▶ [Material for this task]:
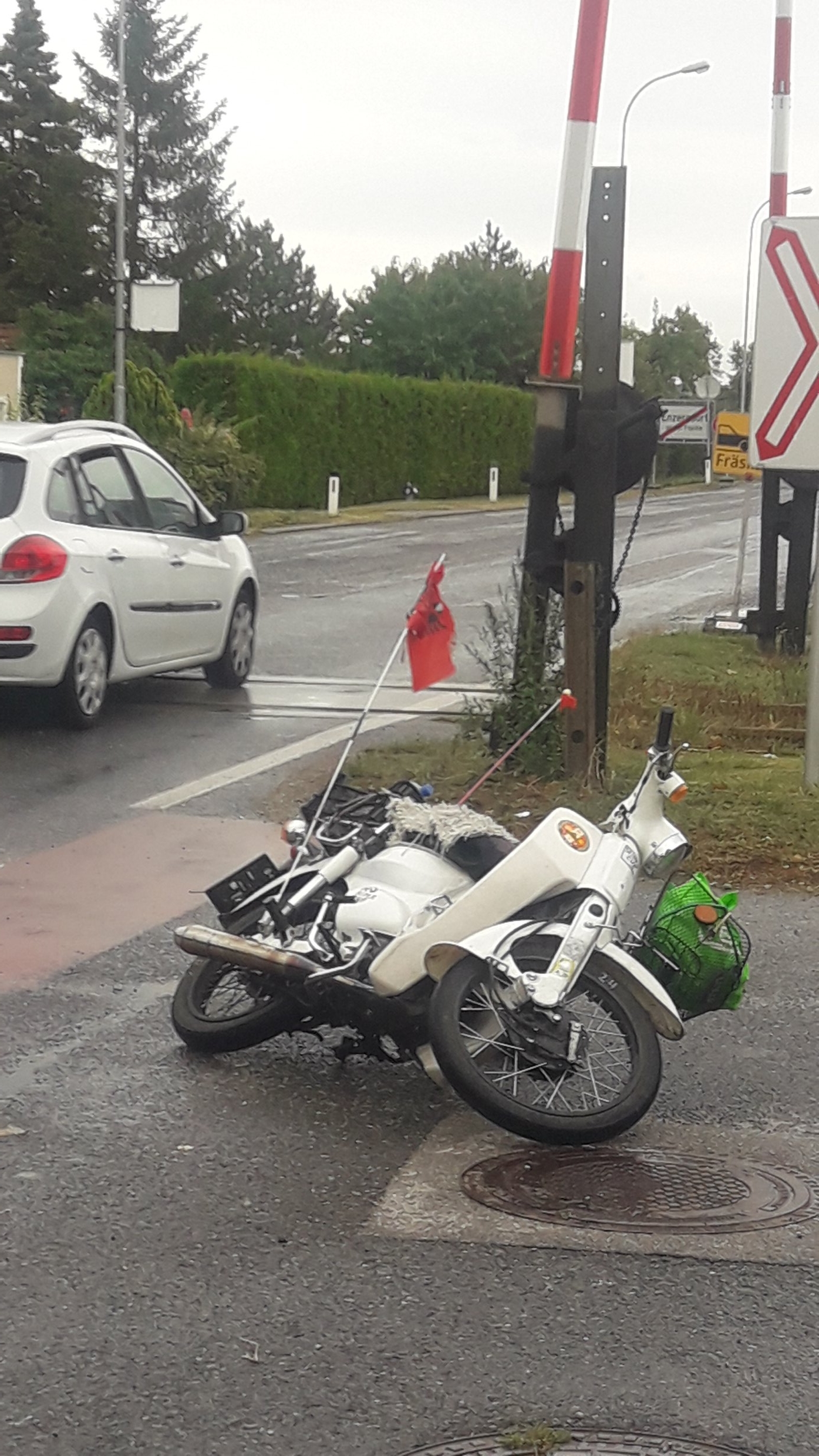 Dann ging es sehr schnell. Bodenhaftung null. Also bevor ich dem den Kofferraum eindelle, überbremste ich hinten und lege mich nieder. Mein allererster Stern mit Storch. Ich kam auf die linke Backe zu liegen, der li. Knöchel hat auch was abbekommen. Da ich einen Rückenpanzer trug, ist der Oberkörper unauffällig. Auch gut.
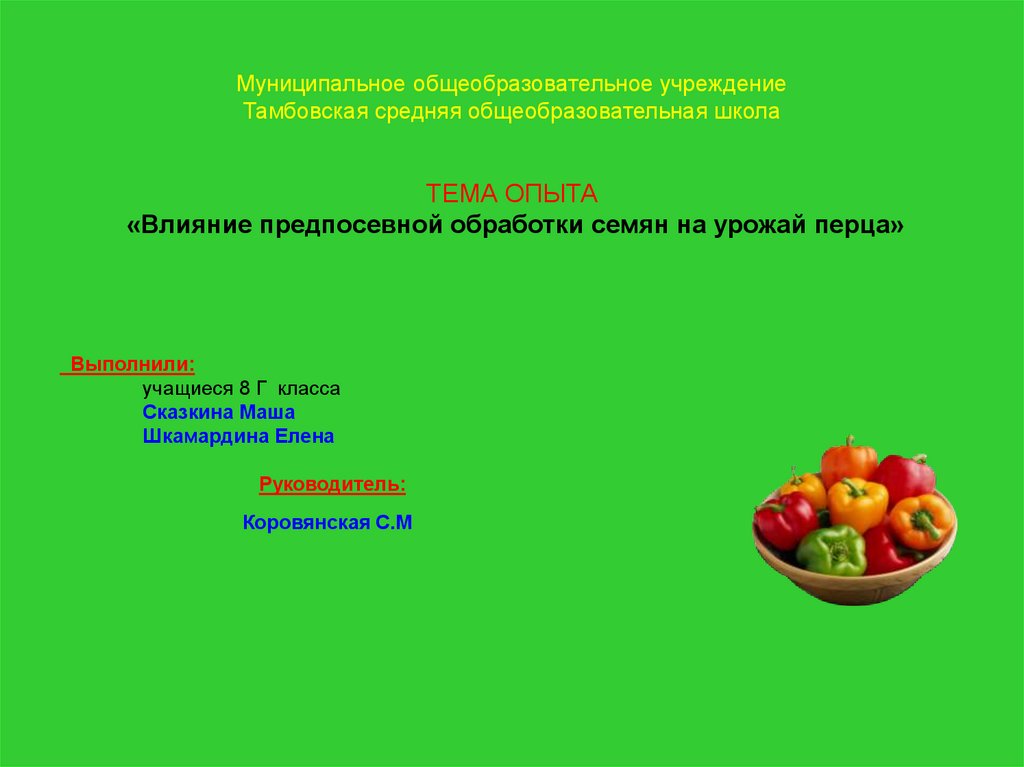 ТЕМА ОПЫТА«Влияние предпосевной обработки семян на урожай перца»
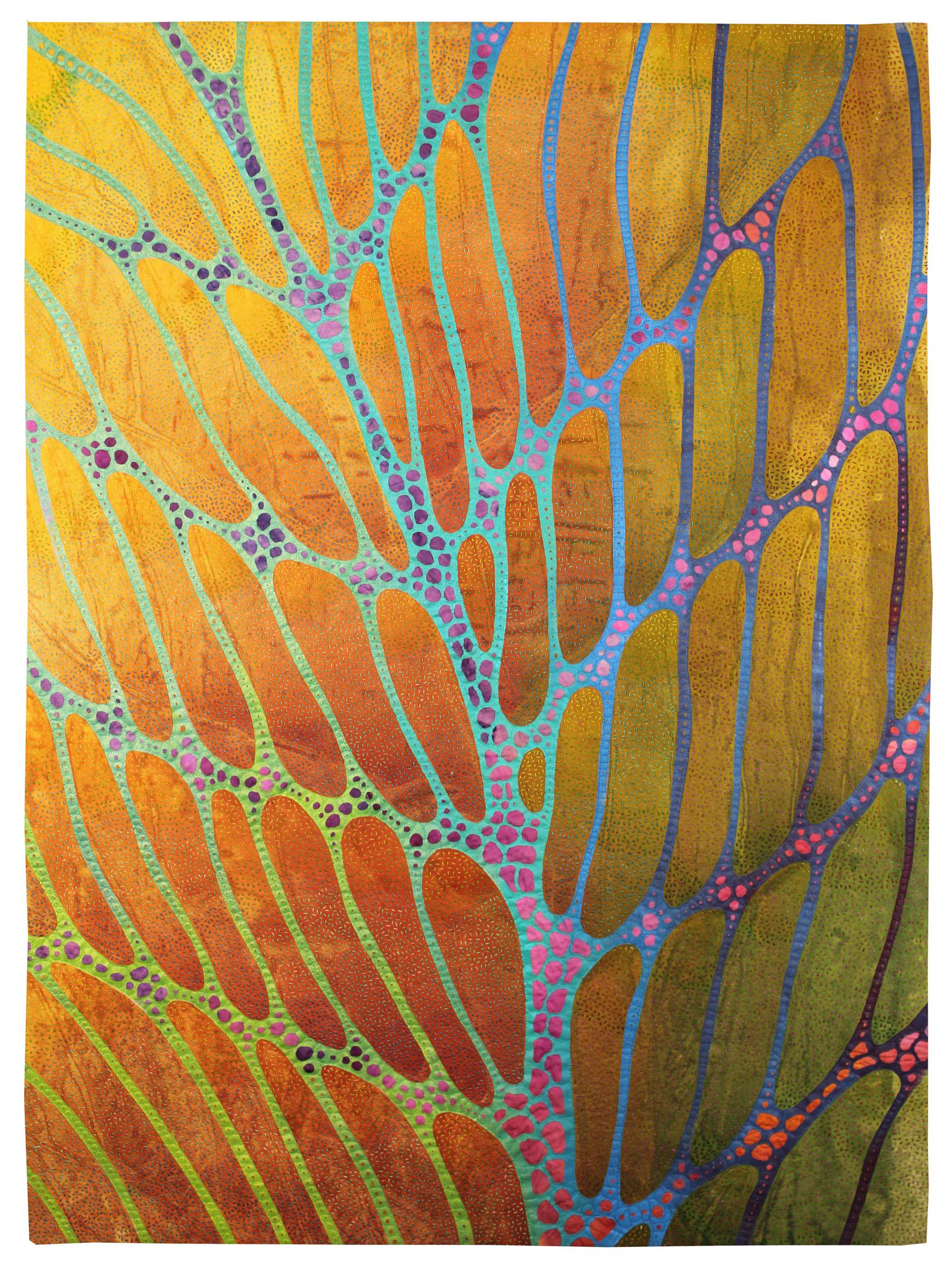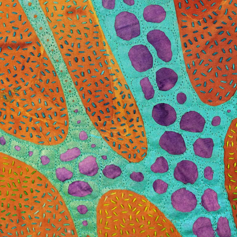 Fused machine appliqué, machine stitched, hand stitched, painted, dyed
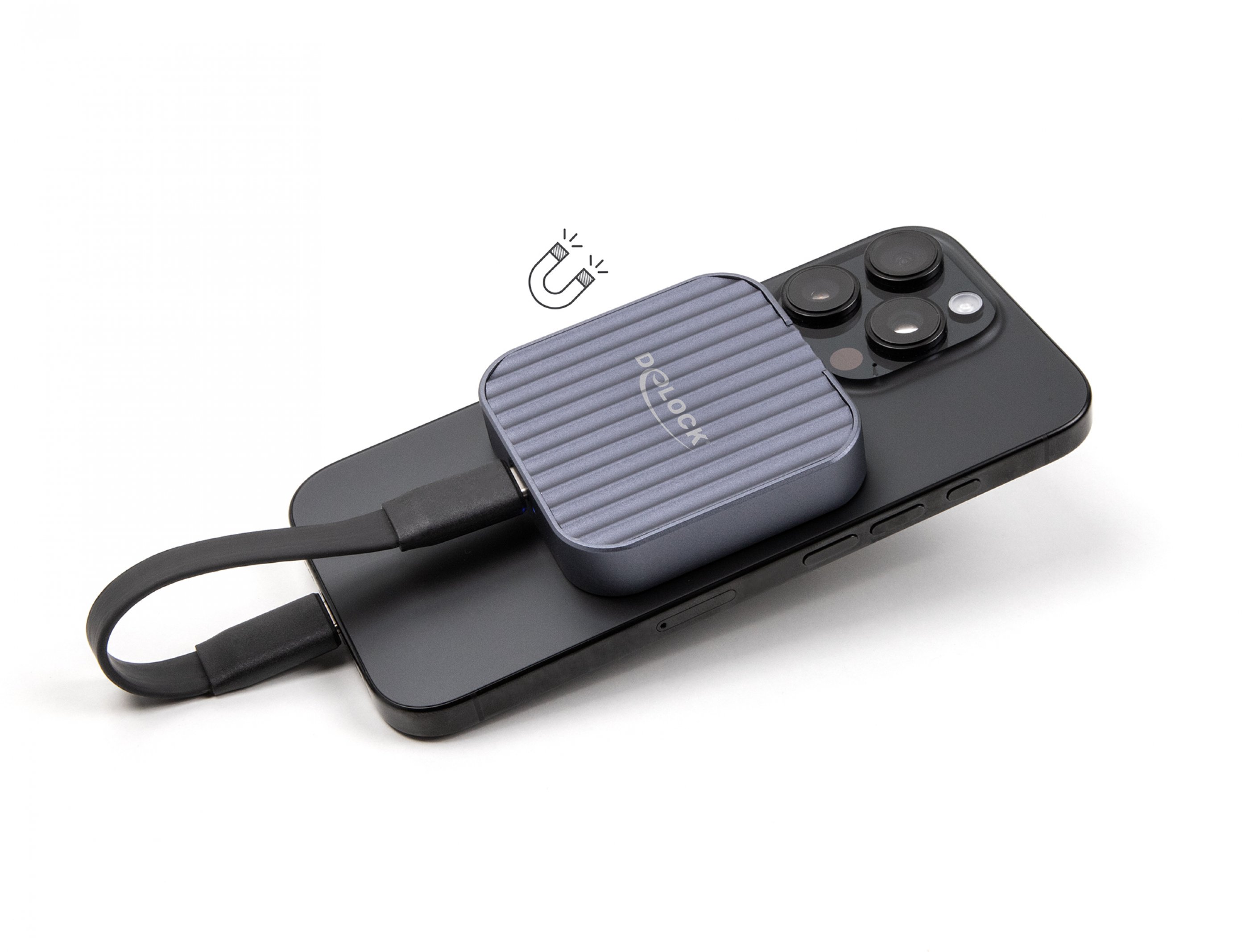 Aceasta carcasa de la Delock permite instalarea unui SSD M.2 PCIe NVMe in format 2230 si, datorita bazei sale magnetice, poate fi atasata de exemplu pe spatele unui iPhone 15. In plus, carcasa poate fi conectata la un PC sau laptop prin Thunderbolt™ 3, Thunderbolt™ 4 sau USB-C™.
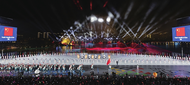 8月7日,中國(guó)體育代表團(tuán)在開幕式上入場(chǎng)。當(dāng)日,第12屆世界運(yùn)動(dòng)會(huì)開幕式在成都舉行。 新華社記者 陳益宸 攝
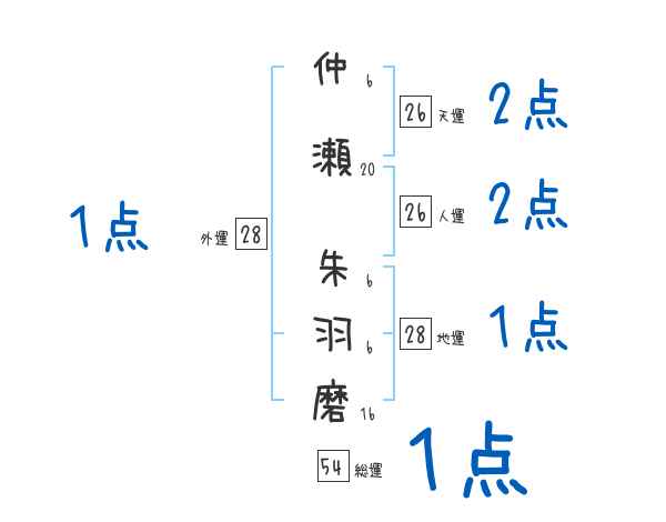 外運![]() | 仲瀬朱羽磨さんの外運は28画の1つ星!家庭環境に注意。スポーツで活躍できる能力があるかも。 生活面を象徴する運勢です。外部から受ける影響力を表し、結婚運、家庭運や職場、環境への順応性を表します。 |
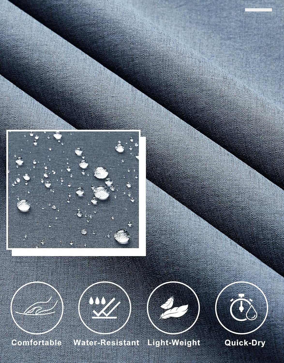 • Comfort Fabric: Lightweight, stretchy, quick dry, moisture wicking fabric keeps you dry and cool all day, gentle stretch and shape-retention, water-resistant capacity to help resist light rain for a short time. PS: Although the pants may arrive with some creases due to packaging, a simple water wash will eliminate them
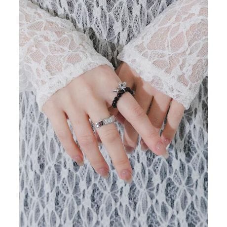 パッと目を惹くブラックビーズのリングと、ロゴ入りのメタルプレートが印象的なメタルリングのセットアイテムです。

▶ [Prompt]:
Take the lines from the one that contains "Aceasta carcasa de" through the last line of the material above and reproduce them exactly, leaving out any pictures.

▶ [Answer to this exercise]:
 Aceasta carcasa de la Delock permite instalarea unui SSD M.2 PCIe NVMe in format 2230 si, datorita bazei sale magnetice, poate fi atasata de exemplu pe spatele unui iPhone 15. In plus, carcasa poate fi conectata la un PC sau laptop prin Thunderbolt™ 3, Thunderbolt™ 4 sau USB-C™.
 8月7日,中國(guó)體育代表團(tuán)在開幕式上入場(chǎng)。當(dāng)日,第12屆世界運(yùn)動(dòng)會(huì)開幕式在成都舉行。 新華社記者 陳益宸 攝
 外運![]() | 仲瀬朱羽磨さんの外運は28画の1つ星!家庭環境に注意。スポーツで活躍できる能力があるかも。 生活面を象徴する運勢です。外部から受ける影響力を表し、結婚運、家庭運や職場、環境への順応性を表します。 |
 • Comfort Fabric: Lightweight, stretchy, quick dry, moisture wicking fabric keeps you dry and cool all day, gentle stretch and shape-retention, water-resistant capacity to help resist light rain for a short time. PS: Although the pants may arrive with some creases due to packaging, a simple water wash will eliminate them
 パッと目を惹くブラックビーズのリングと、ロゴ入りのメタルプレートが印象的なメタルリングのセットアイテムです。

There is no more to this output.